Reproduce every record below exactly, with the pictures left out.
*** Opening of Material for the task ***
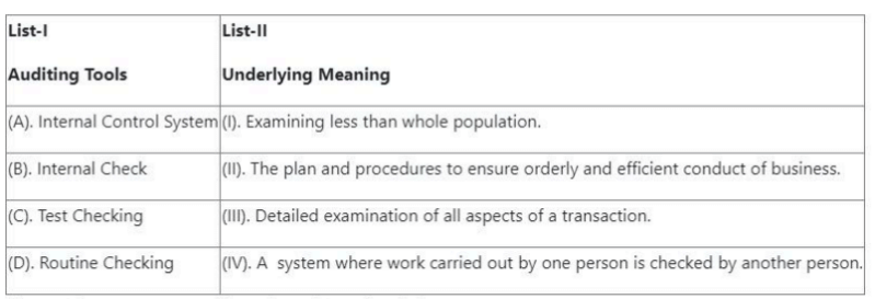 - Routine Checking examines all transactions in detail → (III) Quick Tip: Matching lists in auditing requires understanding of definitions carefully.
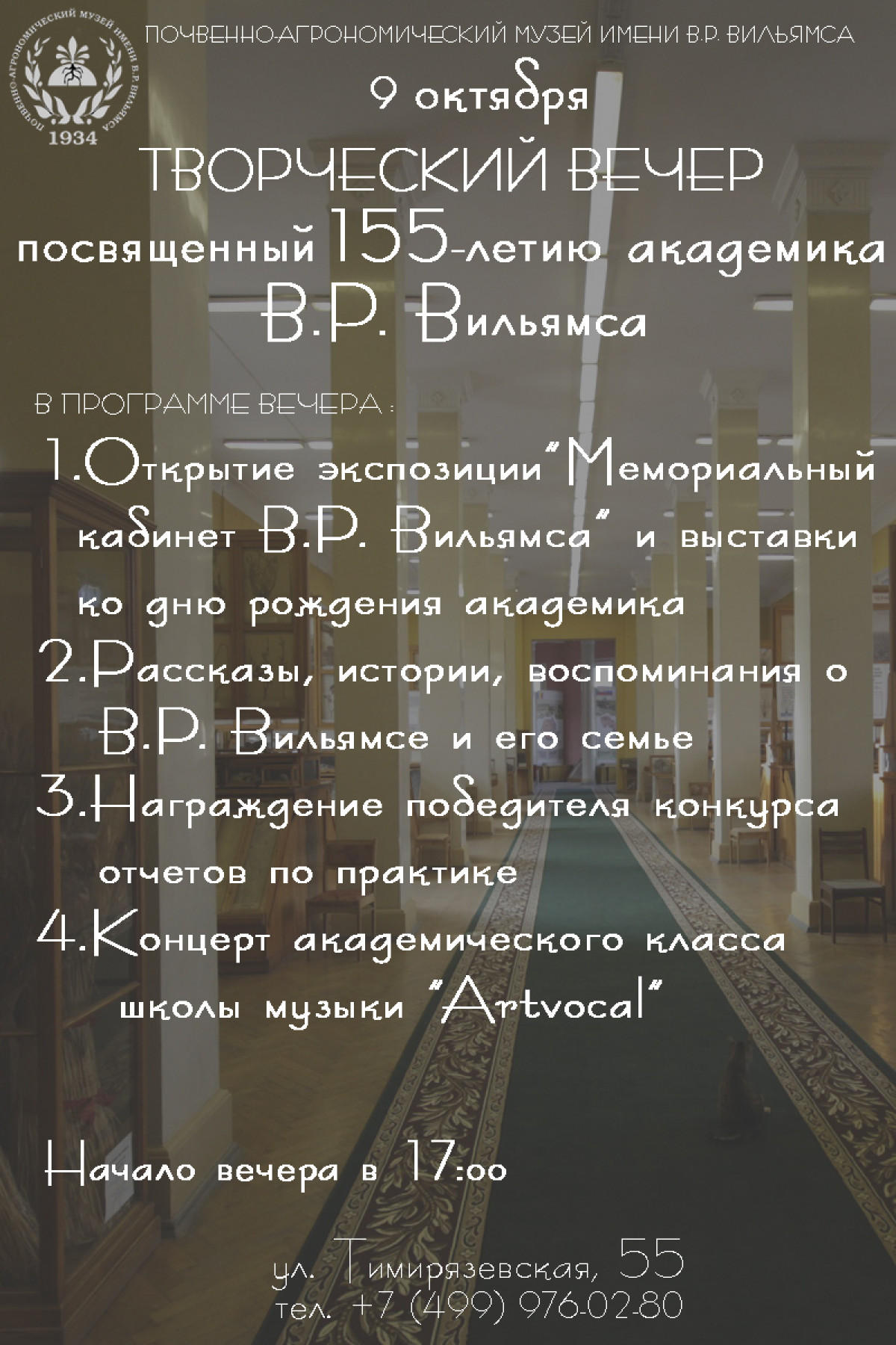 О научной и педагогической деятельности В.Р. Вильямса написано множество работ. 9 октября в Почвенно-агрономическом музее состоится творческий вечер, посвященный не только Вильямсу - известному ученому, но и Вильямсу - талантливому человеку с удивительной биографией. Вы узнаете, например, какое имя было дано Василию Вильямсу при рождении, и кем он собирался стать до поступления в Тимирязевку.
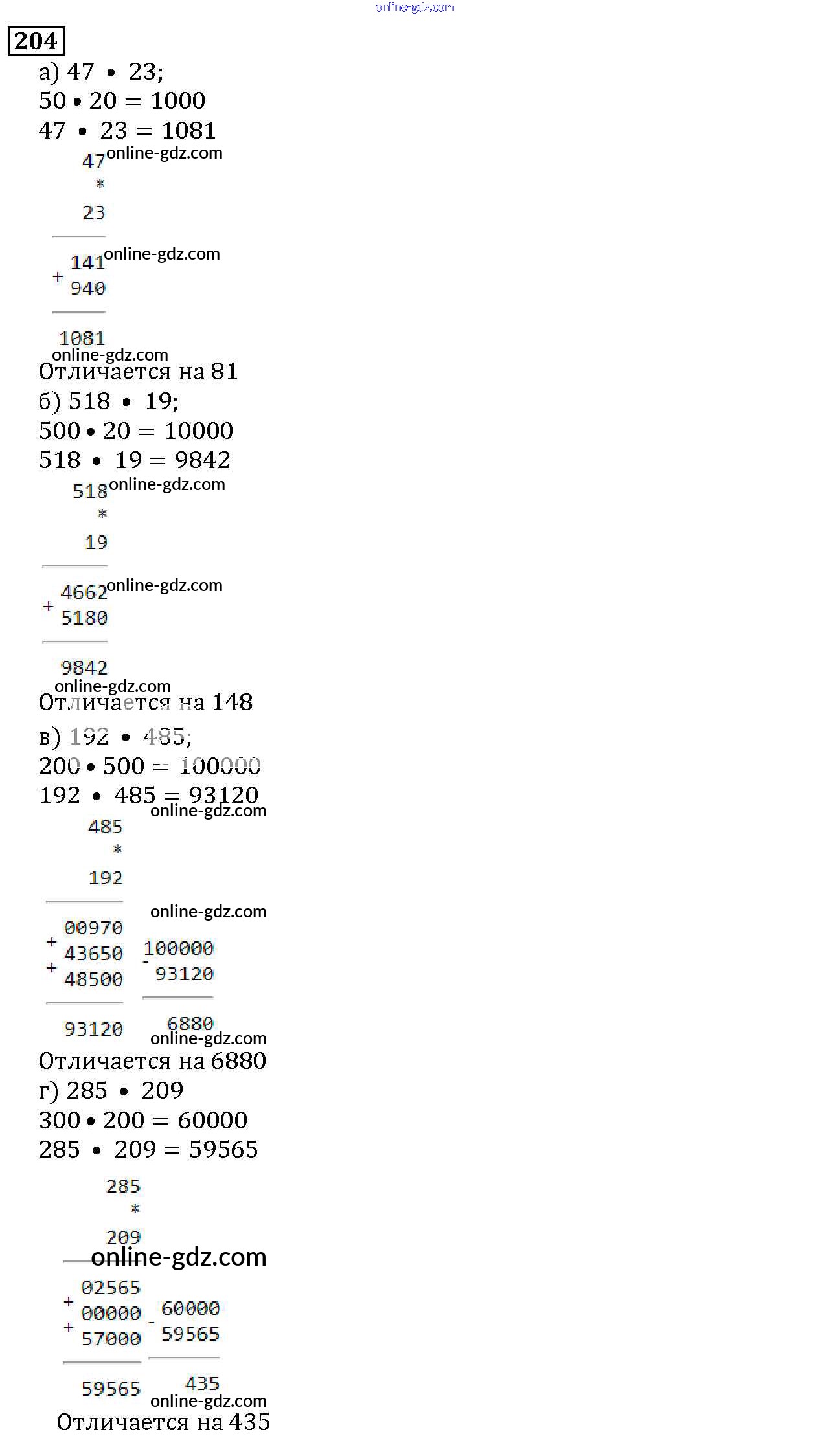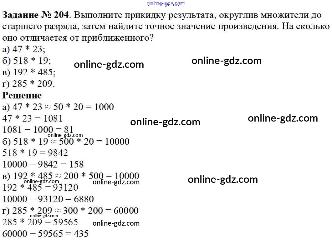 Готовые домашние задания по Математике за 5 класс Учебник Дорофеев, Шарыгин 2015 - 3.2. Умножение и деление Глава 3. Действия с натуральными числами 204
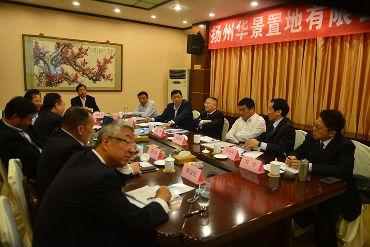 5月3日上午,揚州華景置地有限公司股東會在揚州怡園飯店召開。華建地產董事長程杰主持會議,江蘇華建董事長陸金龍、監事會主席吳士茂以及華景置地股東代表、經營層等出席會議。
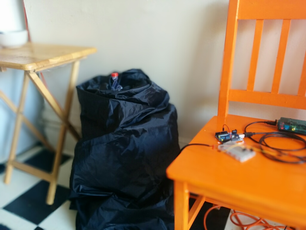 And here we are tucking in her for the long fermentation ahead. Once the fermentation settled down a bit, our new concern was keeping the beer warm enough to prevent the fermentation from stalling. Wrapping the bucket in a blanket will help retain the exothermic heat from the fermentation as well as shield from the slightly cooler ambient conditions (we don’t use space heating in my apartment, not really needed in the Bay Area. But that also means temps can get down into the 50’s). I may throw a hot water bottle under the blanket occasionally. Good thing I have the temperature logger to keep tabs on everything!!!
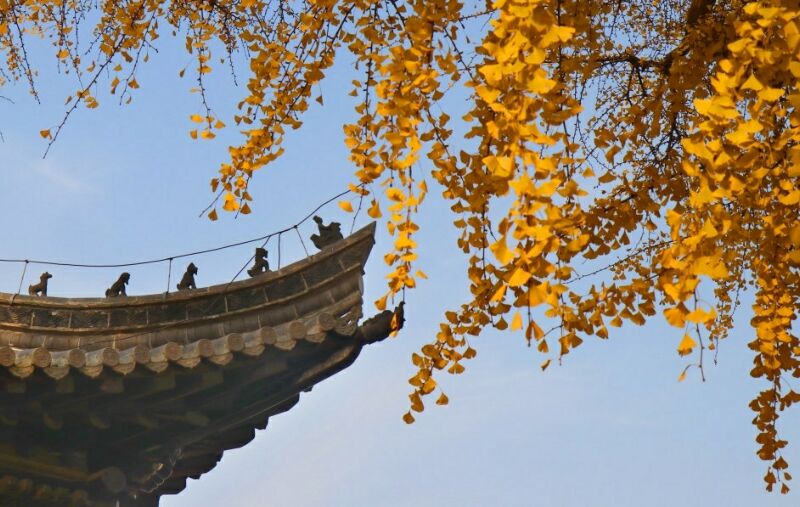 壽州古城報恩寺內的銀杏樹,據今已有1300多年歷史,歷經歲月滄桑依然枝繁葉茂。時入冬季,綠葉換上金黃外衣,微風拂過,葉片緩緩飄落,宛如一串串金色的詩行在空中搖曳,引得游客紛紛前來拍照打卡。
*** Close of Material for the task ***
**Exercise solution:**
 - Routine Checking examines all transactions in detail → (III) Quick Tip: Matching lists in auditing requires understanding of definitions carefully.
 О научной и педагогической деятельности В.Р. Вильямса написано множество работ. 9 октября в Почвенно-агрономическом музее состоится творческий вечер, посвященный не только Вильямсу - известному ученому, но и Вильямсу - талантливому человеку с удивительной биографией. Вы узнаете, например, какое имя было дано Василию Вильямсу при рождении, и кем он собирался стать до поступления в Тимирязевку.
 Готовые домашние задания по Математике за 5 класс Учебник Дорофеев, Шарыгин 2015 - 3.2. Умножение и деление Глава 3. Действия с натуральными числами 204
 5月3日上午,揚州華景置地有限公司股東會在揚州怡園飯店召開。華建地產董事長程杰主持會議,江蘇華建董事長陸金龍、監事會主席吳士茂以及華景置地股東代表、經營層等出席會議。
 And here we are tucking in her for the long fermentation ahead. Once the fermentation settled down a bit, our new concern was keeping the beer warm enough to prevent the fermentation from stalling. Wrapping the bucket in a blanket will help retain the exothermic heat from the fermentation as well as shield from the slightly cooler ambient conditions (we don’t use space heating in my apartment, not really needed in the Bay Area. But that also means temps can get down into the 50’s). I may throw a hot water bottle under the blanket occasionally. Good thing I have the temperature logger to keep tabs on everything!!!
 壽州古城報恩寺內的銀杏樹,據今已有1300多年歷史,歷經歲月滄桑依然枝繁葉茂。時入冬季,綠葉換上金黃外衣,微風拂過,葉片緩緩飄落,宛如一串串金色的詩行在空中搖曳,引得游客紛紛前來拍照打卡。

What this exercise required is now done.